If neither parameter is provided, the function will simply return no records. If both are provided, the function will return records based on whichever parameter is reached first.

The GENERATOR function is always paired with the TABLE function to produce a result that can be queried. We can see this in our first example now, for which we will simply output the same value five times.

SELECT
  'MY_VALUE' as "MY_FIELD_NAME"
FROM TABLE(GENERATOR(rowcount => 5) )

If we execute this code in Snowflake, it will yield the following result:

Code in Snowflake

As you can see, our output contains five records where each value matches our given hard-coded input.

A Slightly More Complex Example

Now that we have covered a basic example, let’s demonstrate something a bit more useful. We can use GENERATE to create tables with any sequence or function that does not require an input. This includes functions such as ROW_NUMBER and data generation functions such as SEQ4.

For this example, we will simply combine a few of these to demonstrate the functionality:

SELECT
    seq4() -- sequence of 4-byte integers
  , random() -- pseudo-random 64-bit integer.
  , ROW_NUMBER() OVER (ORDER BY seq4()) as "ROW_NUMBER" -- window function to determine the row number, in the order of the 
FROM TABLE(GENERATOR(rowcount => 5) )

This yields the following result:

Whilst this is nothing meaningful or significant on its own, it builds as strong foundation for the more useful example below, and the date and time scaffold tables at the end of this blog post.

Two things I would like to highlight at this stage:

  1. SEQ4 does not necessarily produce what is known as a gap-free sequence. When using functions such as SEQ4, it is possible for the output to be missing values in the sequence depending on the logic that you are applying. To avoid this risk, we can use ROW_NUMBER instead. ROW_NUMBER will not leave gaps because it is calculated based on the window of the output after any other logic may have taken place.
  2. ROW_NUMBER starts from 1 whilst SEQ4 starts from 0. When we generate values using ROW_NUMBER later in this post, we deduct 1 so that our ROW_NUMBER values also start from 0. This ensures that our first record matches our original input instead of immediately incrementing; for example, if we have a specific start date in mind for our calendar table

A More Useful Example

I often find myself looking to create quick demonstrations of Snowflake functionality or mock up a potential solution, and GENERATOR allows me to quickly create a dummy dataset to demonstrate a concept.

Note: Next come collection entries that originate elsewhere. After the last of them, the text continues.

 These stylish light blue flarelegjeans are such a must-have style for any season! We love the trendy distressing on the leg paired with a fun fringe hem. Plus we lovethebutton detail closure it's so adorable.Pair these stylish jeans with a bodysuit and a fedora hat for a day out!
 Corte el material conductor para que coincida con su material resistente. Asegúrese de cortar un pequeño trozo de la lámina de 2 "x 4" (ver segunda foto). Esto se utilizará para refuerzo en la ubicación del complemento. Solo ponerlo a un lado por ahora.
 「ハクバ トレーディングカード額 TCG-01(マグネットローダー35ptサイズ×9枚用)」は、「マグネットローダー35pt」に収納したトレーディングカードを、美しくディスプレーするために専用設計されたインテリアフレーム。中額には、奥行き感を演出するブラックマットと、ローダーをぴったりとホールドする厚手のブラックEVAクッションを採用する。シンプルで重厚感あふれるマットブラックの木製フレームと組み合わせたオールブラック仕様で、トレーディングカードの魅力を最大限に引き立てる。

Perhaps I wish to create a dummy dataset of quantities across three categories. With GENERATOR, I can create a table with a predefined number of records and leverage the UNIFORM and RANDOM functions to created randomised values between given ranges for each record.

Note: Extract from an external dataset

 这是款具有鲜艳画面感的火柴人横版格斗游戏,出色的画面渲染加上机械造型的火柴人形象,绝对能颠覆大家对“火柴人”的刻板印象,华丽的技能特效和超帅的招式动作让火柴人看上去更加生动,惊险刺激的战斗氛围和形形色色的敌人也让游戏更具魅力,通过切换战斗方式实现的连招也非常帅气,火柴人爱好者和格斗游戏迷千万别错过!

We can see this in action here with the below script. As you can see, there is not a lot to unpack here when it comes to the GENERATOR itself, which is only present in the final line. Most of the complexity in this script is from the UNIFORM and RANDOM functions.

SELECT
    CASE UNIFORM(1, 3, RANDOM() ) 
      WHEN 1 THEN 'CATEGORY_A'
      WHEN 2 THEN 'CATEGORY_B'
      WHEN 3 THEN 'CATEGORY_C'
    END AS "CATEGORY"
  , UNIFORM(1, 500, RANDOM() ) as "QUANTITY"
FROM TABLE(GENERATOR(rowcount => 100) )

This script achieves the simple result of creating a table with 100 records, populating each value with the results of our UNIFORM and RANDOM combination. This yields a simple yet effective result:

UNIFORM + RANDOM in Snowflake

To achieve this result, the key components have been the pairing of TABLE and GENERATOR to create a table with the desired number of records and the pairing of UNIFORM and RANDOM to populate the field values.

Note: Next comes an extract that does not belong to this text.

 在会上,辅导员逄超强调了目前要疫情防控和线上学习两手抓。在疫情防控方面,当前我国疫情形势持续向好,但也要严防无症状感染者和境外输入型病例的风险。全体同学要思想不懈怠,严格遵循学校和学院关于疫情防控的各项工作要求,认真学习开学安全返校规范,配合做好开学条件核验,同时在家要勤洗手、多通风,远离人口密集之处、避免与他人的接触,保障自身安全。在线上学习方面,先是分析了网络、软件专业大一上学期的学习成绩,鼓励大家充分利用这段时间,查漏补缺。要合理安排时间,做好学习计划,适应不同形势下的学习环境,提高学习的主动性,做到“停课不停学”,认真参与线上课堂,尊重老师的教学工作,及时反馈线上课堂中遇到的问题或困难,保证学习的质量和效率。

NOTE: Every time the code above is executed, new values will be received from the RANDOM function. If you wish to maintain the same values each time, you can simply enter a seed value as the parameter of the RANDOM function.

Creating a Date Scaffold Table

Now that we have covered our basic GENERATOR example, we can move on to the date scaffold table. This is a more involved example but the GENERATOR component itself is tiny.

For this example, we want to create a table that contains a record for every date from the start of 1970 to the end of 2099. To achieve this, we use GENERATOR to create a table with enough rows to cover our timeframe, then convert the row number into a date. Once we have our dates, it is a simple matter of extract the relevant information from the date to create our full date scaffold table.

Note that we leverage ROW_NUMBER instead of simply calling a sequence. This is to ensure we do not have any gaps in our sequence, as this would result in missing dates in our output.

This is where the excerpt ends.